### Information shown
^^^^
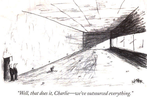 Encontraba el otro día a través de tic616, esta viñeta que describe muy bien lo que vamos a acabar siendo. La verdad es que no estoy en contra del outsourcing o externalización, de hecho es lo que vendo. Pero claro luego está lo que yo externalizo ¿Debo externalizar? ¿Puedo? Aquí  también me he mantenido desde hace tiempo entre los que promulgaban centrarse en lo que realmente hacemos bien y aportamos valor, cediendo a otros aquello que no, pero claro si te dedicas a tecnología la línea es muy difusa. Debo dado que vendo software y mantengo servidores con mi software mantener y administrar mi propio correo ¿O lo externalizo? Debo mantener mis bases de datos o lo cedo. De hecho debo «desarrollar» mi base de datos o uso una de terceros? ( 😉 ) Esto último seguro que todos tienen una respuesta inmediata y en realidad no hace mucho fue un fuerte debate interno y está volviendo a serlo en los nuevos entornos móviles.
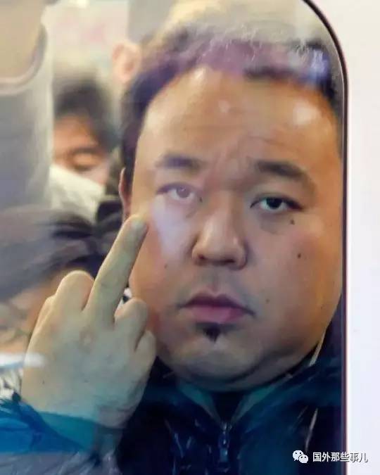 这位男子看起来对摄影师拍他很是不满,竖起了中指回应。
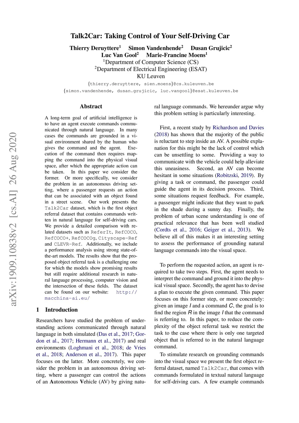 Talk2Car: Taking Control of Your Self-Driving Car
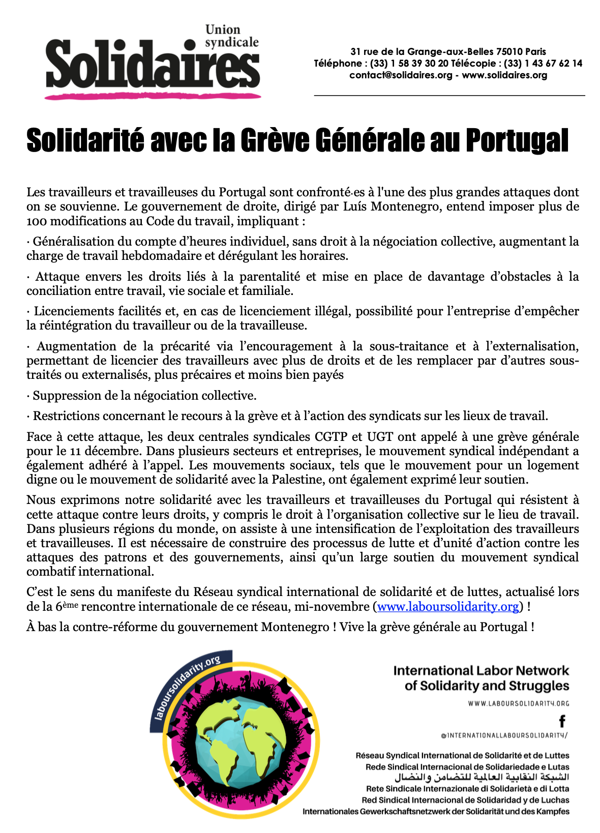 Nous exprimons notre solidarité avec les travailleurs et travailleuses du Portugal qui résistent à cette attaque contre leurs droits, y compris le droit à l’organisation collective sur le lieu de travail.
^^^^
### Goal of the exercise
From the line holding "Talk2Car: Taking Control" to the final line of the data above, give each line again exactly, both ends included, and drop the pictures.

### Result of the exercise
 Talk2Car: Taking Control of Your Self-Driving Car
 Nous exprimons notre solidarité avec les travailleurs et travailleuses du Portugal qui résistent à cette attaque contre leurs droits, y compris le droit à l’organisation collective sur le lieu de travail.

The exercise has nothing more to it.